Reassurance meant a lot to Ryan Blaney, who thought he was fired
Ryan Blaney is an established NASCAR Cup Series star with 13 victories and the 2023 championship, but back in 2015, he wasn’t on such firm footing.
In fact, after a particularly frustrating run in a NASCAR Xfinity Series race at Indianapolis Motor Speedway, Blaney was afraid team owner Roger Penske was ready to fire him.
“I did think I was going to get fired one year—not really, but in my mind I was,” Blaney said on Monday at a proclamation from the city of Mooresville, N.C., honoring Team Penske’s three straight Cup championships.
“I blew a race at Indy, an (Xfinity) race, like 2015, I think. I lost the race, blew Turn 2 the last lap, Kyle Busch goes on and wins the race. And I’m like, ‘Oh, my God, I just lost at Indy for Roger. I’m canned. I’m done.’”
When Penske’s number popped up on Blaney’s phone later that evening, he feared the worst.
“He called me that night, and it was a pretty cool moment of reassurance, like ‘We believe in you; you’re going to make mistakes; this is how you learn,’ things like that.

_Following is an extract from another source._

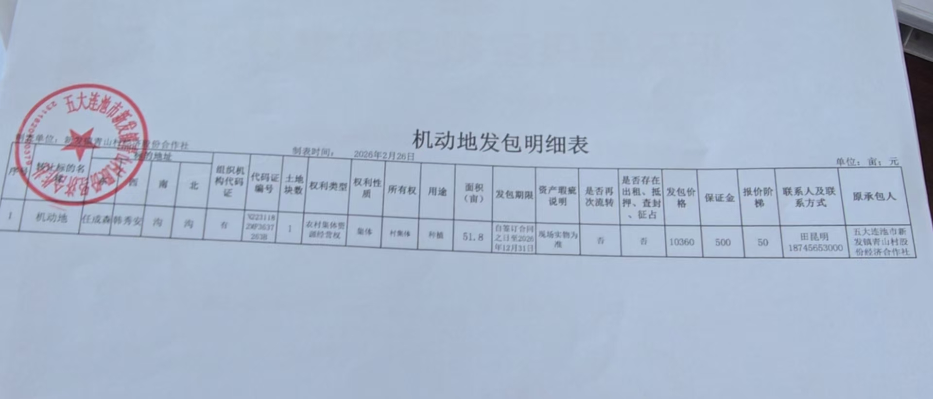 一、机动地位置及面积: 1.青山村机动地1号,土地四至:东;任成森、西:韩秀安、南:道、北:沟,面积51.8亩,每亩200元。出租价格:10360元。以阶梯竞价的方式出租,阶梯竞价标准50元/次.保证金1000元。 二、承包期限及付款方式: 1、承包期限:自签订合同日期起为1年。 2、付款方式:中标后一次性付清 三、承包要求: 承包者若是本村集体经济组织成员在同等的条件下者享有优先承包,经营方式应满足国家有关法律法规和政策要求,因该地块属于低洼地块属于粮食作物欠收地块,承包者在此块土地经营用途必须用于种植一年生农作物,且种植前必须与青山村股份经济合作社联系,商讨同意后方可实施耕种。 四、五大连池市农业社会化服务中心农村产权交易平台所产生的所有费用由承包者承担。 项目联系人:刘先生 联系方式:0456-6338668
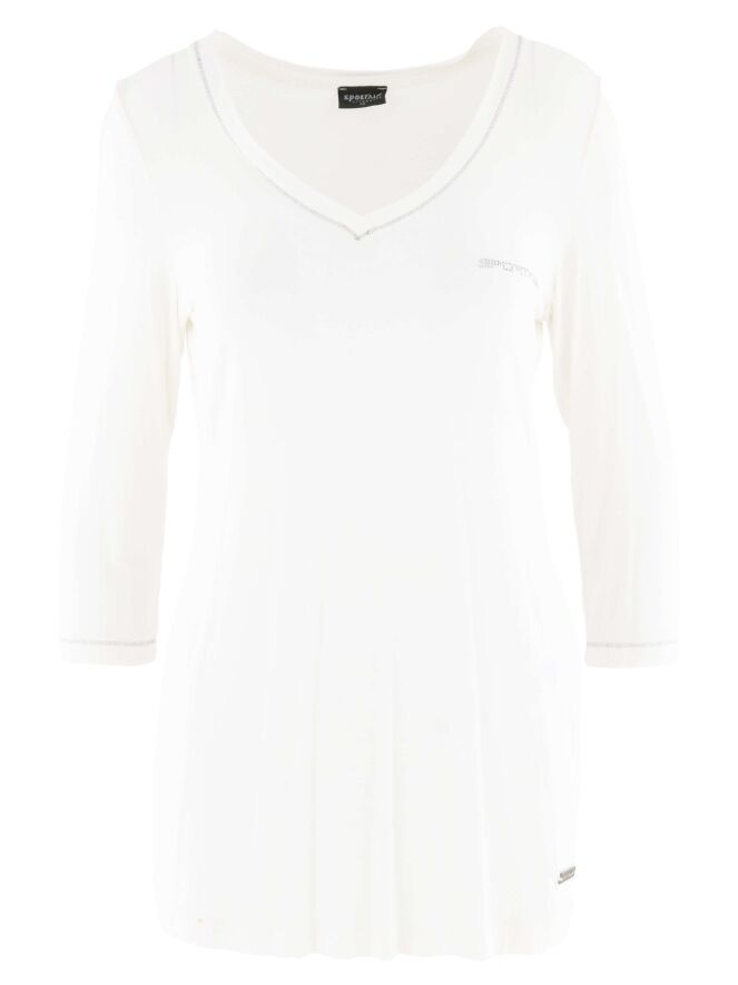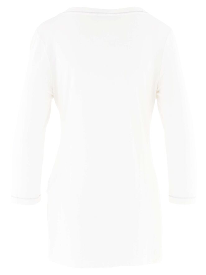 Een lang shirt in de kleur roomwit van Sportalm. Langs de rand van de V - Hals en het uiteinde van de mouwen is een grijze stiknaad. Dit shirt mag op 30 graden worden gewassen.

“That was like the only time in my mind I was like, ‘Oh, my God, I’m getting fired.’ And when I saw him call me, I’m like, ‘This is it, I’m done.’ But those words afterwards really helped me out. I was 22, so it was a cool moment to talk to someone like that.”

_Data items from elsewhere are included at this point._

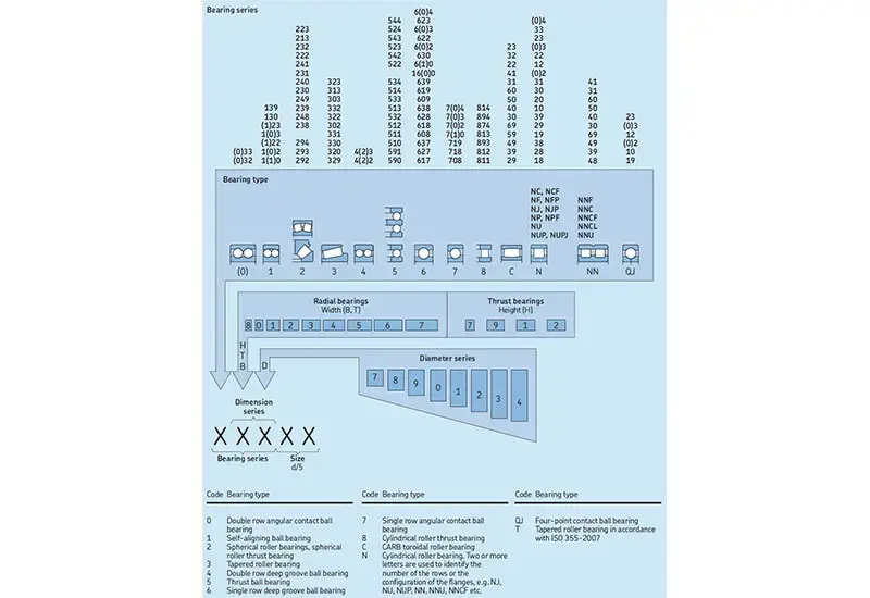 نمودار سیستم شماره فنی برای بیرینگ ھا و رولربیرینگ ھای استاندارد (متریک)
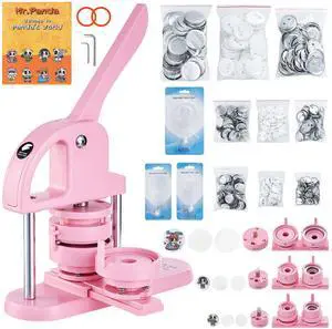 VEVOR 3-IN-1 Button Maker 1/1.25/2.28 inch Pin Maker Ergonomic Arc Handle Punch Press Kit Pink
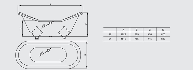 72英寸 1829×785×455×670;61英寸 1519×765×445×622 |

In fact, just one week later, Blaney won his first race of the season at Iowa Speedway.
Christopher Bell, Brad Keselowski have new spotters this weekend
The timing seemed odd.
On Wednesday, three days after Christopher Bell won the NASCAR All-Star Race at North Wilkesboro Speedway, Joe Gibbs Racing confirmed that Matt Philpott has replaced Stevie Reeves as spotter on Bell’s No. 20 Toyota.
Reeves had spotted for Bell from his debut in the Cup Series in 2020 through last weekend but unexpectedly decided to leave the role.

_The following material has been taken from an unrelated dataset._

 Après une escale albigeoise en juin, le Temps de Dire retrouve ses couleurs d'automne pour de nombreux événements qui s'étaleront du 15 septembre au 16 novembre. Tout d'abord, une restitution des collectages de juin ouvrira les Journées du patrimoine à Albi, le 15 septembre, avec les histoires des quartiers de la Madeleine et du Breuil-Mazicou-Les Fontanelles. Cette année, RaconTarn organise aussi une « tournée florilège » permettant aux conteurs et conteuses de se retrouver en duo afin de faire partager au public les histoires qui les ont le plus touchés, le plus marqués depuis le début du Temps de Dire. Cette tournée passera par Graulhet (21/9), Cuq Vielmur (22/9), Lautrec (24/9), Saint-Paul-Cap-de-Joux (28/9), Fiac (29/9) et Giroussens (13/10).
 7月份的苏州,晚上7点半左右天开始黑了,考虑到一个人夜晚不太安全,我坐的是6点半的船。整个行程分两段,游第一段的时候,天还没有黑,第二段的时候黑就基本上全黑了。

“I was surprised as well,” Bell said. “It was all Stevie’s decision. He made the decision on his own to quit, and that’s all I’m going to say.”
Philpott is not an experienced spotter. Accordingly, he and Bell worked on an iRacing event together earlier this week, and Bell planned to spend time on the spotters’ stand with Philpott during Saturday’s Xfinity race at Charlotte.
“I’ve been around Philpott a lot as a mechanic,” Bell said. “He was on the 11 car (of Denny Hamlin) full-time, and he was on my car a couple of times throughout the course of the years.
“I have a relationship with him. I’ve listened to the feedback that we have online, but we’ll just play it week by week and see how it goes.”
Reeves has the habit of going out on top. After spotting for Jimmie Johnson during the NASCAR Hall of Famer’s second championship season in 2007, Reeves was informed with two races left in the 2008 campaign that he would not be retained in 2009.
Johnson went on to win his third straight title in 2008 and added championships the following two years with spotter Earl Barban.
Brad Keselowski will have a different spotter this weekend, too, though not by choice. Veteran spotter T.J. Majors has been sidelined because of a medical procedure that’s expected to keep him out of action for a month.
“It’s part of life, I guess,” Keselowski said on Friday during a sponsor announcement at Roush Fenway Keselowski Racing. “We don’t like it, but we’re doing our best to adapt for it.
“Thankfully, because there was some warning, we had ample time to prepare, and he had ample time to do his homework and share that. But we’re hopeful he’ll be back real soon.”
Keselowski’s brother, Brian Keselowski, will provide a familiar voice from the spotters’ stand during Majors’ absence.
“Yeah, very familiar,” Keselowski said. “We have some depth today.”